- _Exercise data_
★ ★ ★ ★ ★
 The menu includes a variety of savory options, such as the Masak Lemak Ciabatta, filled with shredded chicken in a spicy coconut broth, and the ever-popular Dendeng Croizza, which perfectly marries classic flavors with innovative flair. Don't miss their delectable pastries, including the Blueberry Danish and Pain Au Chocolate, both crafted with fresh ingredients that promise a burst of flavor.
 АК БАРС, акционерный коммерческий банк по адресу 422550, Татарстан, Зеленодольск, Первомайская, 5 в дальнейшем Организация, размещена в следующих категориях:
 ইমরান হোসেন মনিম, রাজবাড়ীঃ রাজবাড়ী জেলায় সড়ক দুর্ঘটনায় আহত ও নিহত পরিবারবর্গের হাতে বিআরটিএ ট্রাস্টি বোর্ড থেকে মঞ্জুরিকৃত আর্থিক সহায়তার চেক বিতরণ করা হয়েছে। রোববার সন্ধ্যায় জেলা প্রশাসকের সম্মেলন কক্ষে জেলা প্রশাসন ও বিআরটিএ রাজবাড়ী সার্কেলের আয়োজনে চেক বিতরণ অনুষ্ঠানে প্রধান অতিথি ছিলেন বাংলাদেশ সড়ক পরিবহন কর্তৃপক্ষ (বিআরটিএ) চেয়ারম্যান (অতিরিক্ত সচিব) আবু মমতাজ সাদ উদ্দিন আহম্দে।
★ ★ ★ ★ ★
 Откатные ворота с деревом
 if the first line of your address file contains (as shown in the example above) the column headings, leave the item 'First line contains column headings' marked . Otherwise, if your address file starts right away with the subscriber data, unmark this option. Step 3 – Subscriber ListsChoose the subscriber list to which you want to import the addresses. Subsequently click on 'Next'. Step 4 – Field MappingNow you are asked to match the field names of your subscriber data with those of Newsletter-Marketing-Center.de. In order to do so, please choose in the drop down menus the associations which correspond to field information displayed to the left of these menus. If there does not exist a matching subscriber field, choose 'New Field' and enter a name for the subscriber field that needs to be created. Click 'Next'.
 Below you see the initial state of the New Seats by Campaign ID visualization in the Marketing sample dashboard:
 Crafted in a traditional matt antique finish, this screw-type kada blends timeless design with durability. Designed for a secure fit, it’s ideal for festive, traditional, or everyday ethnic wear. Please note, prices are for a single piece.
★ ★ ★ ★ ★
- _About this task_
Look through the data and gather every line with the string "Marketing" in it.

- _Reply_
 if the first line of your address file contains (as shown in the example above) the column headings, leave the item 'First line contains column headings' marked . Otherwise, if your address file starts right away with the subscriber data, unmark this option. Step 3 – Subscriber ListsChoose the subscriber list to which you want to import the addresses. Subsequently click on 'Next'. Step 4 – Field MappingNow you are asked to match the field names of your subscriber data with those of Newsletter-Marketing-Center.de. In order to do so, please choose in the drop down menus the associations which correspond to field information displayed to the left of these menus. If there does not exist a matching subscriber field, choose 'New Field' and enter a name for the subscriber field that needs to be created. Click 'Next'.
 Below you see the initial state of the New Seats by Campaign ID visualization in the Marketing sample dashboard:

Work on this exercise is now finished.